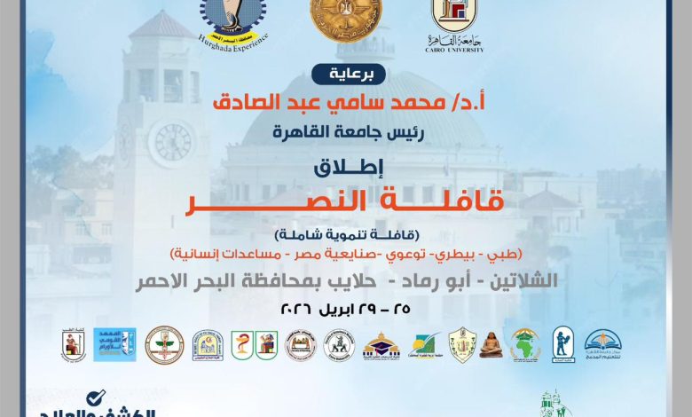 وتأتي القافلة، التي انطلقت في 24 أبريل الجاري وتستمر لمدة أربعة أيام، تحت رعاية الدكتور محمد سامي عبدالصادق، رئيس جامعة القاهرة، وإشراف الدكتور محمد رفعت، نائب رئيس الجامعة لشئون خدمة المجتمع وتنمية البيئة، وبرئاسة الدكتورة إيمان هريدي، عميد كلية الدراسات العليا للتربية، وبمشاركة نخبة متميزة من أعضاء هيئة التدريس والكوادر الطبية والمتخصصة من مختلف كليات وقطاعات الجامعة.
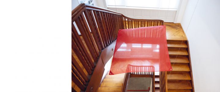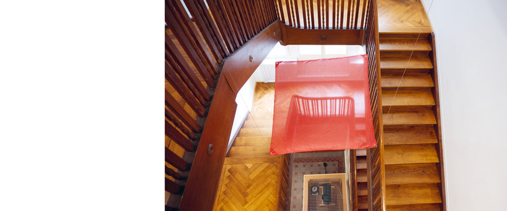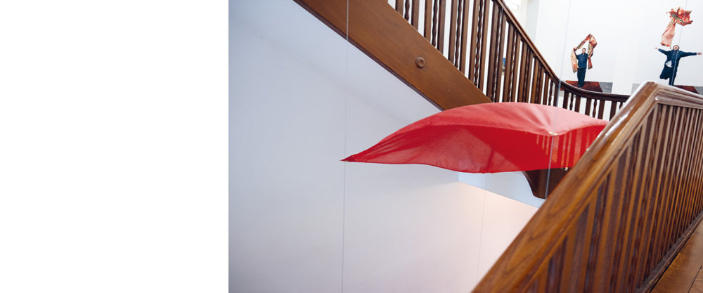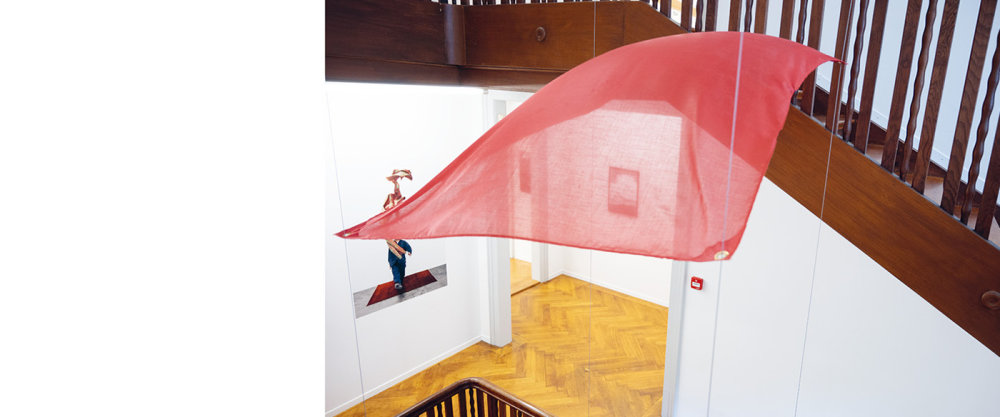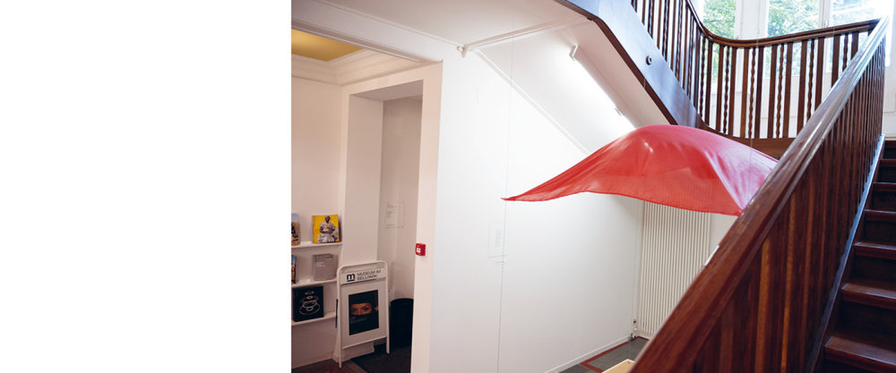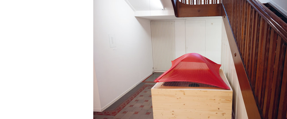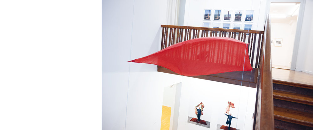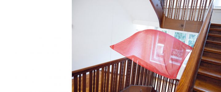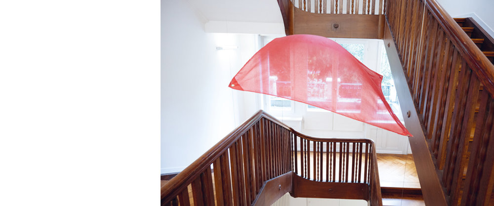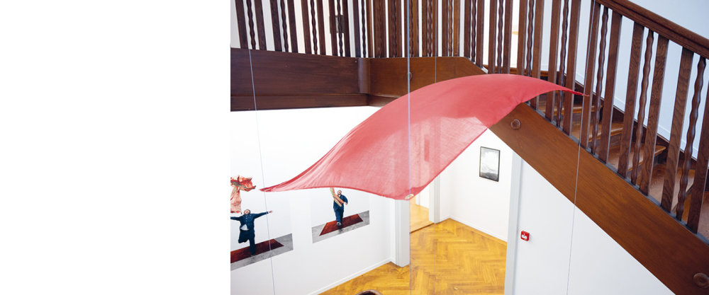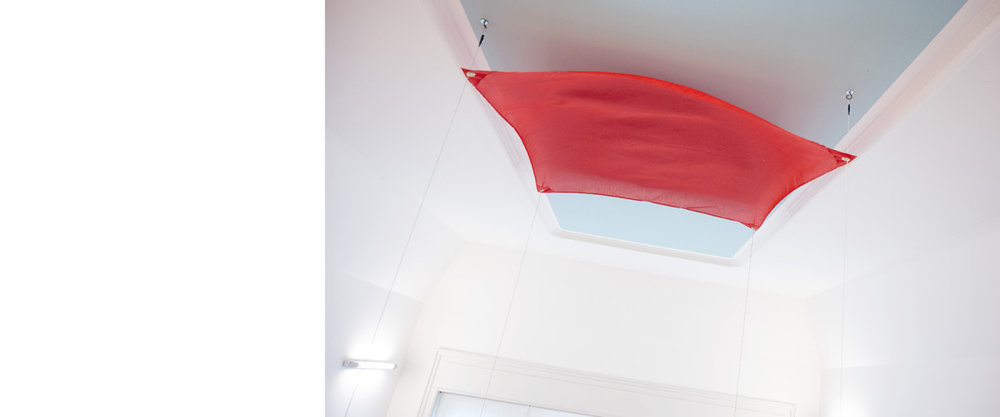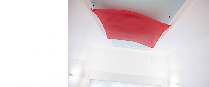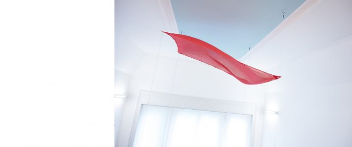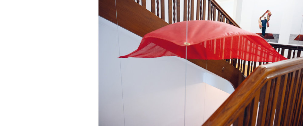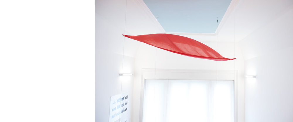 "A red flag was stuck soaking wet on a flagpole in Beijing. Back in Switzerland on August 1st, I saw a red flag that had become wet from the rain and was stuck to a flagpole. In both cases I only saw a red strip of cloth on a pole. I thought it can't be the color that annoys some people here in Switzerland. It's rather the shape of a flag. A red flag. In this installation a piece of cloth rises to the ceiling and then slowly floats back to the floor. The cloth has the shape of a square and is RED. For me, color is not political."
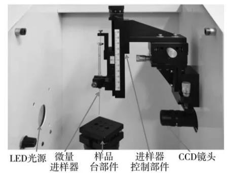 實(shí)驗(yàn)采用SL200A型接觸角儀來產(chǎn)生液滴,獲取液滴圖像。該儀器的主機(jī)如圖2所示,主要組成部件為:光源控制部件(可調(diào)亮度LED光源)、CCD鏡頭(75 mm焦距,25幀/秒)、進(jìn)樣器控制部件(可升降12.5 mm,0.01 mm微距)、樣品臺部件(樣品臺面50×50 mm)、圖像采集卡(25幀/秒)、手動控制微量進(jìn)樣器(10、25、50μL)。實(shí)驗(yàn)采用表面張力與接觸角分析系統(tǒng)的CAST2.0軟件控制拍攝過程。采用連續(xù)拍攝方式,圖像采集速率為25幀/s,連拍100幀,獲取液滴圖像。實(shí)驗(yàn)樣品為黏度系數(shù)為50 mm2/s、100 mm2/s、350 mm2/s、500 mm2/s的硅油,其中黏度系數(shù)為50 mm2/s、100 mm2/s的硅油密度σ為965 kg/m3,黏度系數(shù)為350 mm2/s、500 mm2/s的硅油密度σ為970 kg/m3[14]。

...

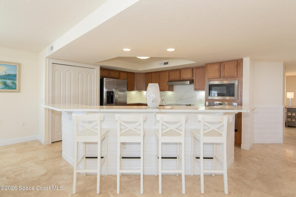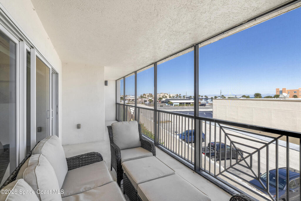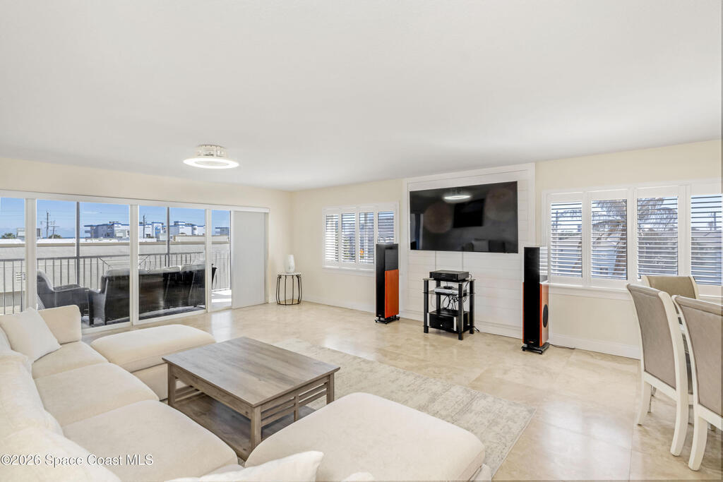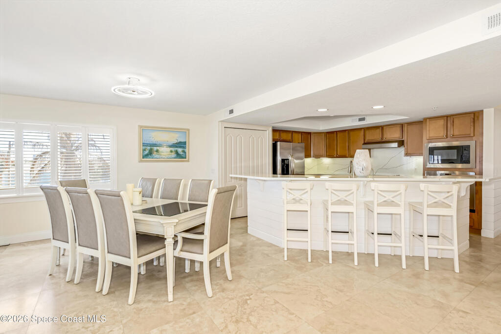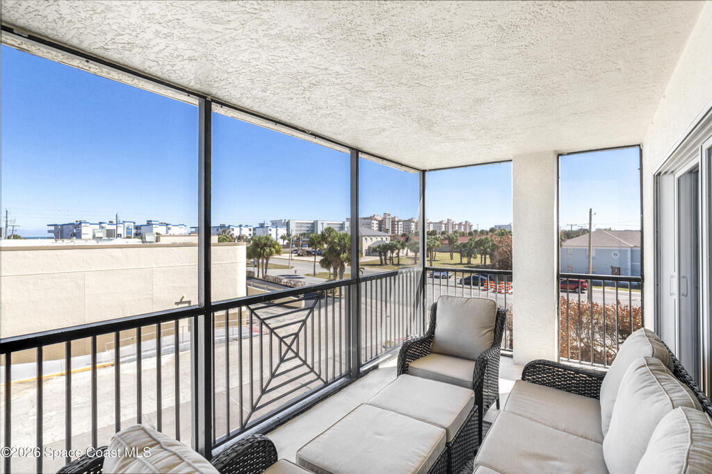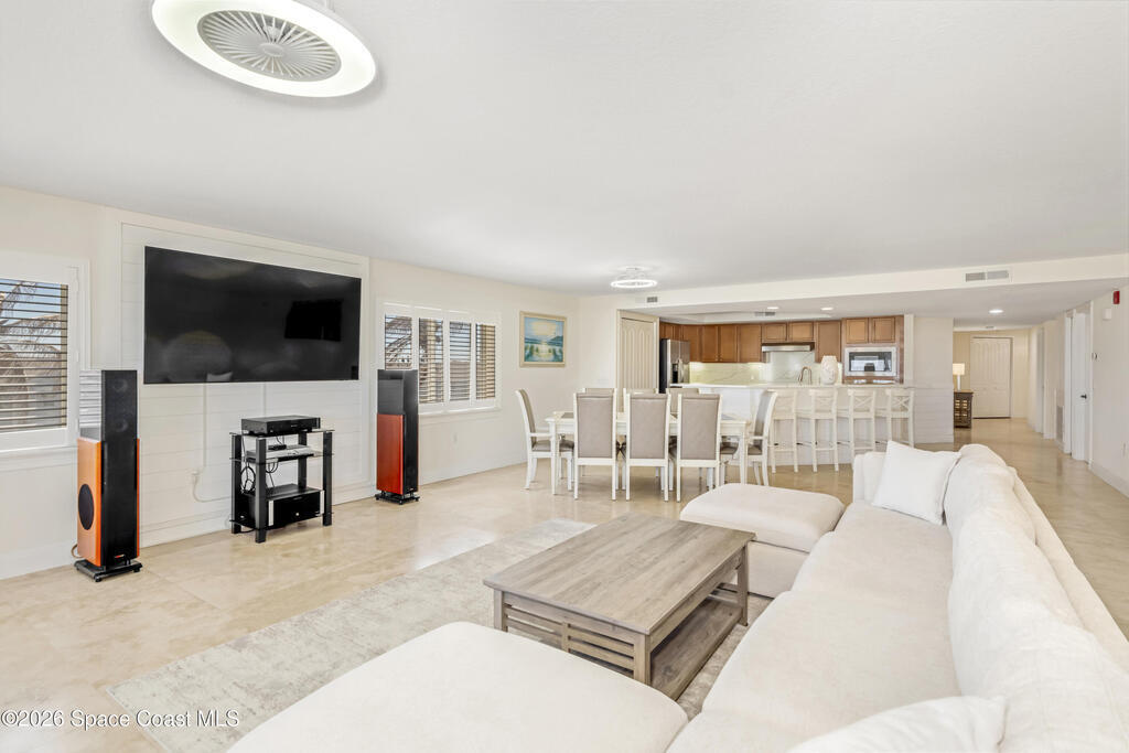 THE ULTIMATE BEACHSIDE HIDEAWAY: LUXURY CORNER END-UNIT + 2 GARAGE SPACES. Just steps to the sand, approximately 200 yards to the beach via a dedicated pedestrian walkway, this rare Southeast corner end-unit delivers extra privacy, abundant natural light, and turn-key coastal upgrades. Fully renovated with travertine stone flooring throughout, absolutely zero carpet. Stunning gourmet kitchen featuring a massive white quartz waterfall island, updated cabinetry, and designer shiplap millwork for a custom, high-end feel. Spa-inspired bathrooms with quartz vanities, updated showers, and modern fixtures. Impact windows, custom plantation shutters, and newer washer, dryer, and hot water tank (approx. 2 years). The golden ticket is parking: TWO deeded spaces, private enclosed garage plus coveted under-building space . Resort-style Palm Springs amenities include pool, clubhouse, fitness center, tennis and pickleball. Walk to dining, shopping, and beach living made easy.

* * *

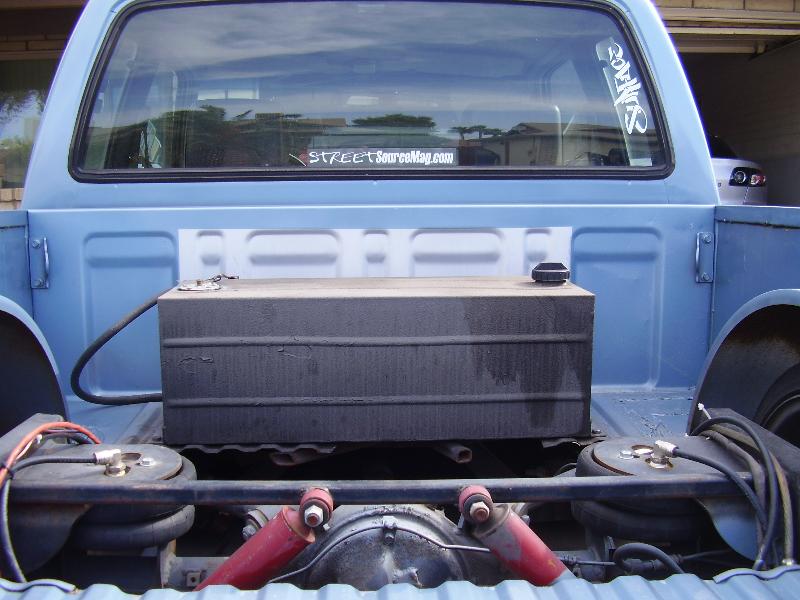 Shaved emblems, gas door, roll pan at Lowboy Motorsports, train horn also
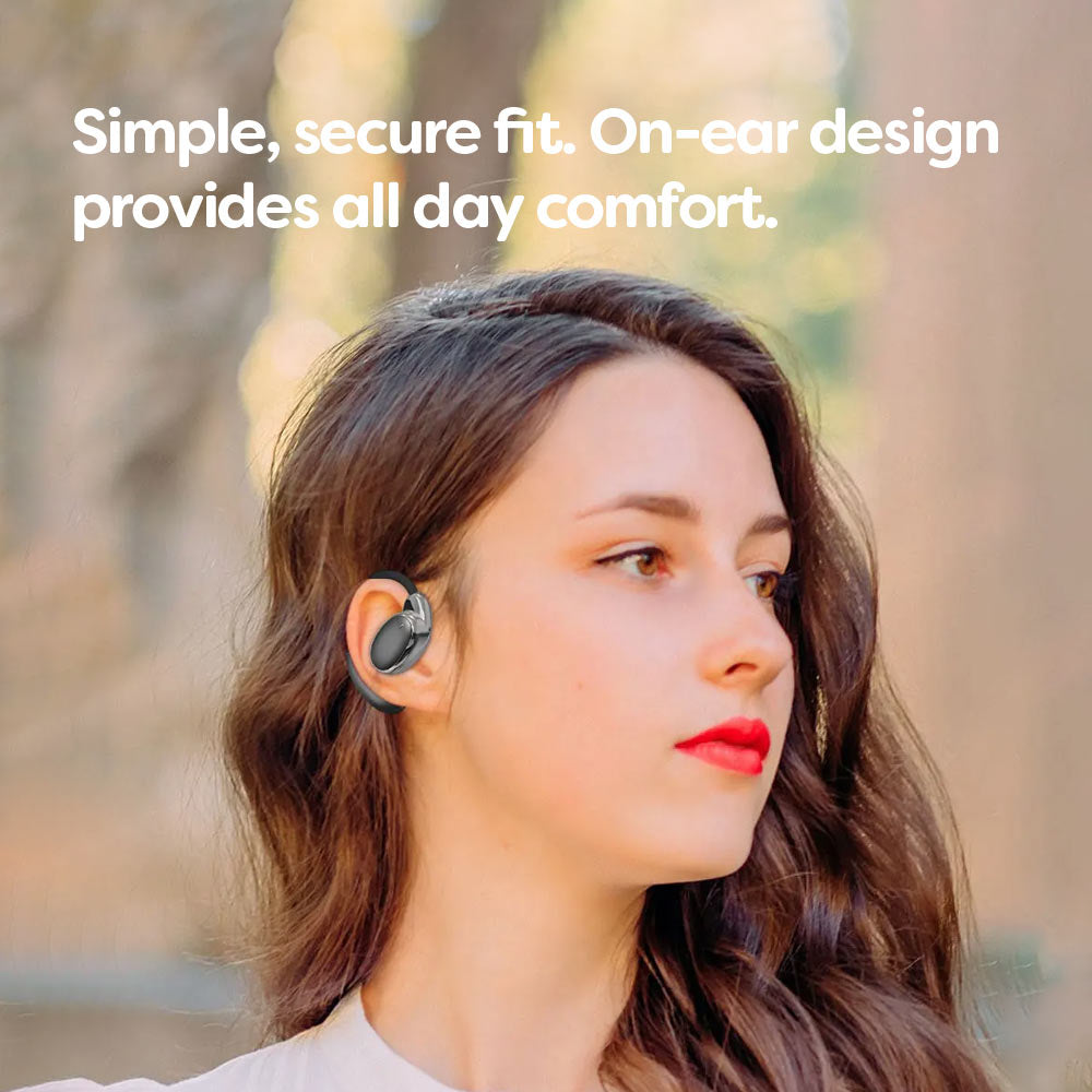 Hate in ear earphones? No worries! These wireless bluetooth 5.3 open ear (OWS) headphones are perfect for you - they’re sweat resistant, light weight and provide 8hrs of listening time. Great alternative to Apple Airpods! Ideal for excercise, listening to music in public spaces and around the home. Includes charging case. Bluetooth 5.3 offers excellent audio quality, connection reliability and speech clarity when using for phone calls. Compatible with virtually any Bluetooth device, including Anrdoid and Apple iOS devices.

* [Task brief] Given the listing above, repeat exactly the lines starting at the one with "وتأتي القافلة، التي" and ending at the one with "red flag was", inclusive, excluding pictures.

* [Response box]
 وتأتي القافلة، التي انطلقت في 24 أبريل الجاري وتستمر لمدة أربعة أيام، تحت رعاية الدكتور محمد سامي عبدالصادق، رئيس جامعة القاهرة، وإشراف الدكتور محمد رفعت، نائب رئيس الجامعة لشئون خدمة المجتمع وتنمية البيئة، وبرئاسة الدكتورة إيمان هريدي، عميد كلية الدراسات العليا للتربية، وبمشاركة نخبة متميزة من أعضاء هيئة التدريس والكوادر الطبية والمتخصصة من مختلف كليات وقطاعات الجامعة.
 "A red flag was stuck soaking wet on a flagpole in Beijing. Back in Switzerland on August 1st, I saw a red flag that had become wet from the rain and was stuck to a flagpole. In both cases I only saw a red strip of cloth on a pole. I thought it can't be the color that annoys some people here in Switzerland. It's rather the shape of a flag. A red flag. In this installation a piece of cloth rises to the ceiling and then slowly floats back to the floor. The cloth has the shape of a square and is RED. For me, color is not political."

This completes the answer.